» **RECORDS FOR PROCESSING**
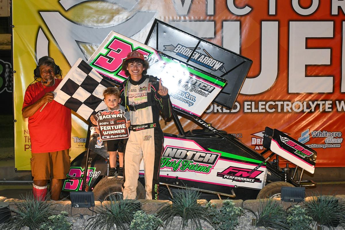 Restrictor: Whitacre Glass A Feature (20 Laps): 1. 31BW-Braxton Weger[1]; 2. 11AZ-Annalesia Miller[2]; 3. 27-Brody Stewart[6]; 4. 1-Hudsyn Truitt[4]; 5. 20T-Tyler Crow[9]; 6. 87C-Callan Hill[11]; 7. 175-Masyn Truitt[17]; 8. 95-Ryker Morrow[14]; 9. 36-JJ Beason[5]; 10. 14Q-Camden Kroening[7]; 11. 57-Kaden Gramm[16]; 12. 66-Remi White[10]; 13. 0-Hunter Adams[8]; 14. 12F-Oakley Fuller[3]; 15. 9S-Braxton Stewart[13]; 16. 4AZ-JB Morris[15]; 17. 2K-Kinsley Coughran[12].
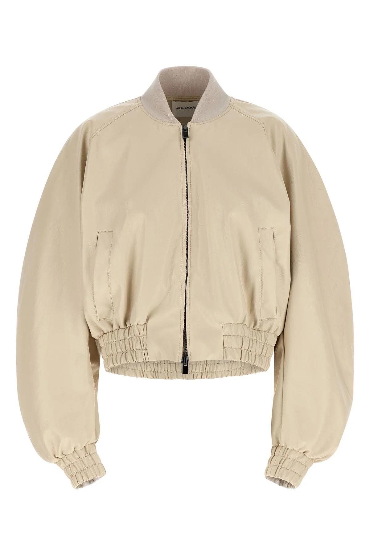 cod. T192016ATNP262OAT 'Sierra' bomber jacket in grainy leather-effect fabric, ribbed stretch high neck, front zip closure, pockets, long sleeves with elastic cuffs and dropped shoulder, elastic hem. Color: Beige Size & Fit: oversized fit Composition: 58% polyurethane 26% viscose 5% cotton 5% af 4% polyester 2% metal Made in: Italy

...

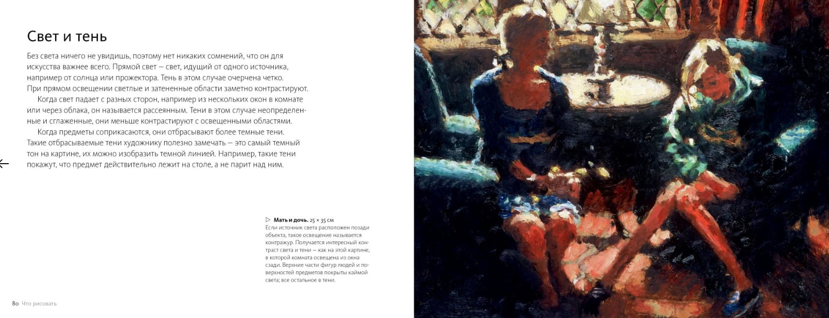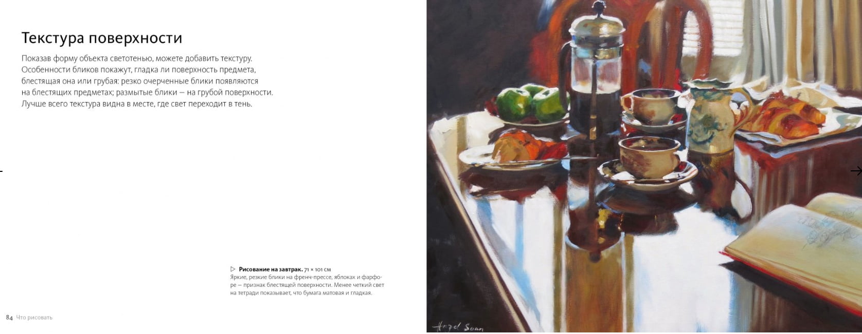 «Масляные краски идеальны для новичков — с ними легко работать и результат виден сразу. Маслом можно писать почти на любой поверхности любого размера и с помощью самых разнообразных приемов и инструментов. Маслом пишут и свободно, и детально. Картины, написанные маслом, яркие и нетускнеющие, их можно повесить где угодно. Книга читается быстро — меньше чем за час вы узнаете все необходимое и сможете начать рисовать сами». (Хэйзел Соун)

» **EXERCISE**
What is needed is an exact copy of the lines above from the one with "Restrictor: Whitacre Glass" to the one with "cod. T192016ATNP262OAT 'Sierra'", both ends kept, and nothing more; please leave the pictures out.

» **SOLUTION TO THE PROBLEM**
 Restrictor: Whitacre Glass A Feature (20 Laps): 1. 31BW-Braxton Weger[1]; 2. 11AZ-Annalesia Miller[2]; 3. 27-Brody Stewart[6]; 4. 1-Hudsyn Truitt[4]; 5. 20T-Tyler Crow[9]; 6. 87C-Callan Hill[11]; 7. 175-Masyn Truitt[17]; 8. 95-Ryker Morrow[14]; 9. 36-JJ Beason[5]; 10. 14Q-Camden Kroening[7]; 11. 57-Kaden Gramm[16]; 12. 66-Remi White[10]; 13. 0-Hunter Adams[8]; 14. 12F-Oakley Fuller[3]; 15. 9S-Braxton Stewart[13]; 16. 4AZ-JB Morris[15]; 17. 2K-Kinsley Coughran[12].
 cod. T192016ATNP262OAT 'Sierra' bomber jacket in grainy leather-effect fabric, ribbed stretch high neck, front zip closure, pockets, long sleeves with elastic cuffs and dropped shoulder, elastic hem. Color: Beige Size & Fit: oversized fit Composition: 58% polyurethane 26% viscose 5% cotton 5% af 4% polyester 2% metal Made in: Italy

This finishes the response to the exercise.